Мы вошли в дом, и тут только я заметил, что он без вещей: один зонт при нем.

- А вещи? Где вещи?

- А вещей нет, Петр Семеныч. Я ненадолго. По пути. В восемь самолет.

- Ну, знаете! "По пути".

- Надо, дорогой, надо. В десять должен быть в Иркутске. Заглянул, чтоб на вас поглядеть: слышал ведь о ваших неприятностях. Кто знает, может, пригожусь. - Он крутился в передней вокруг зонта, который никак не хотел складываться. - Ах, вечная история... Выбросить надо бы, да ведь роскошное все-таки приспособление.

- Да уж! - сказал я.

В дверях стоял Ступаков, посмеивался: ждал представления, что ли? Я ткнул его локтем, прошептал:

- С ума сошел, дурак.

Но он хохотнул уже громко, сказал снисходительно:

- Разрешите-ка. - Отобрал у Сергея Сергеевича зонт и закрыл его ловко, без усилий.

- Это наш главный энергетик, - сказал я. - Мастер на все руки.
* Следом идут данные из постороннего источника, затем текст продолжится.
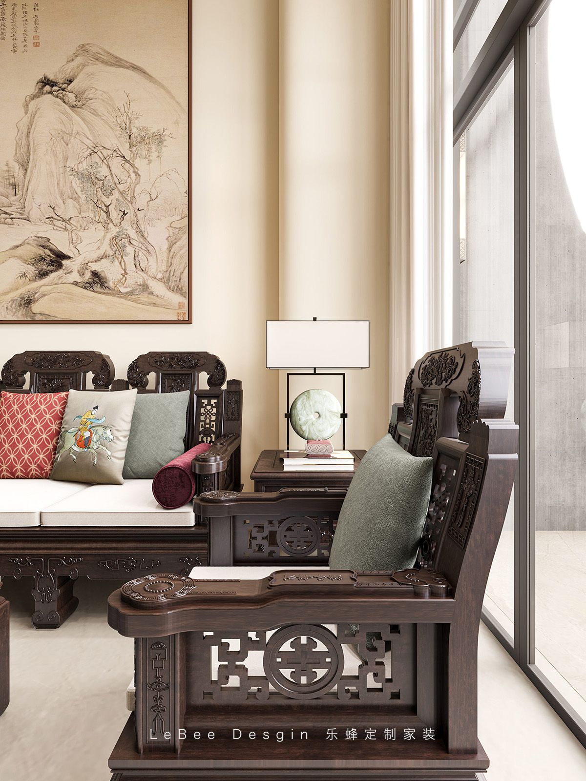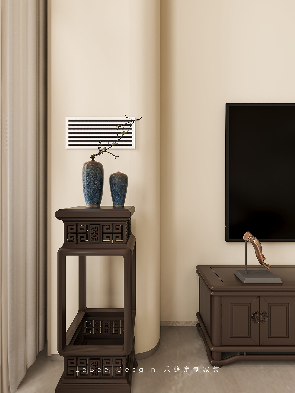 色彩以原木色為主色調,注重室內空間的層次感。在裝飾上,我們采用簡潔的直線條和簡約的幾何造型,以及中式元素的應用。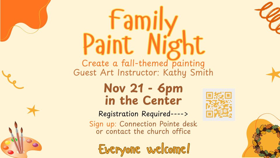 Join us for a cozy evening of creativity and fun on Thursday, November 21st from 6–8 PM in The Center at church! Bring the whole family and enjoy painting a beautiful fall-themed canvas with step-by-step guidance from instructor Kathy Smith. No experience needed — just come ready to relax, laugh, and make some autumn memories together! 🍂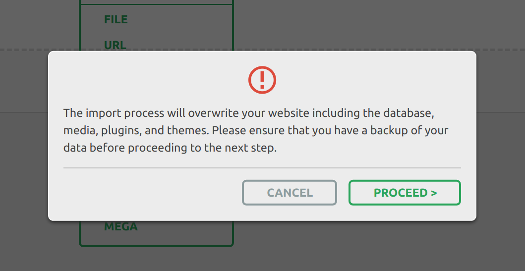 The Import process includes an additional step that warns you that the new backup will overwrite your website’s database, media, plugins, and themes. This is the final step in the process, and you can cancel it at any time. You can no longer pause the import process after clicking “Proceed.”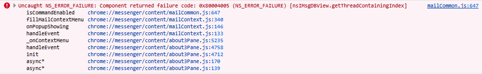 Uncaught NS_ERROR_FAILURE: Component returned failure code: 0x80004005 (NS_ERROR_FAILURE) [nsIMsgDBView.getThreadContainingIndex] mailCommon.js:647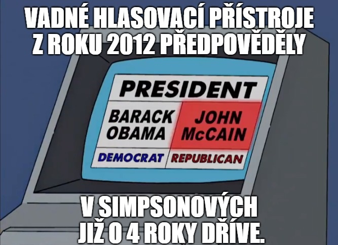 Homer se v roce 2008 zoufale snažil volit Obamu - přístroj ale dával všechny jeho hlasy Johnu McCainovi. To samé se stalo o 4 roky později, když volební přístroj v Pensylvanii hlasoval pouze pro Obamova soupeře Mitta Romneyho.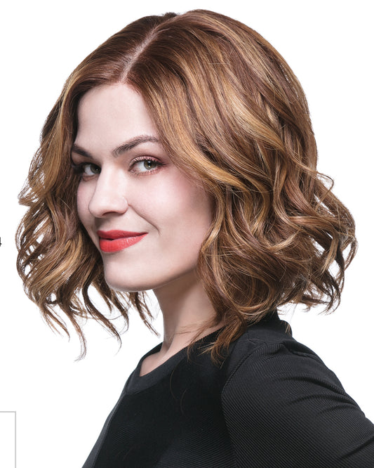 Jessie | 12" Medium Brown with Blonde Highlight Short Wavy Bob Human Hair Swiss Lace Closure Wig - WW016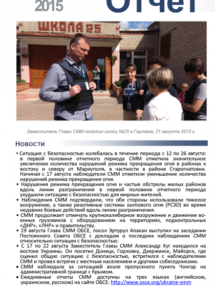 В отчете представлен обзор Специальной Мониторинговой Миссии (СММ) ОБСЕ, последние события и новости по состоянию на 26 августа 2015.

Удивительно отзывчивый товарищ.

- Великолепная вещица, - сказал Ступаков, разглядывая резьбу на ручке зонта. - Старинный.

Я готов был крикнуть: "Замолчи!", потому что знал, чем это кончится. Но Ступакову очень хотелось хоть так польстить знаменитому артисту, он не мог остановиться, он продолжал расхваливать зонт и резьбу на нем.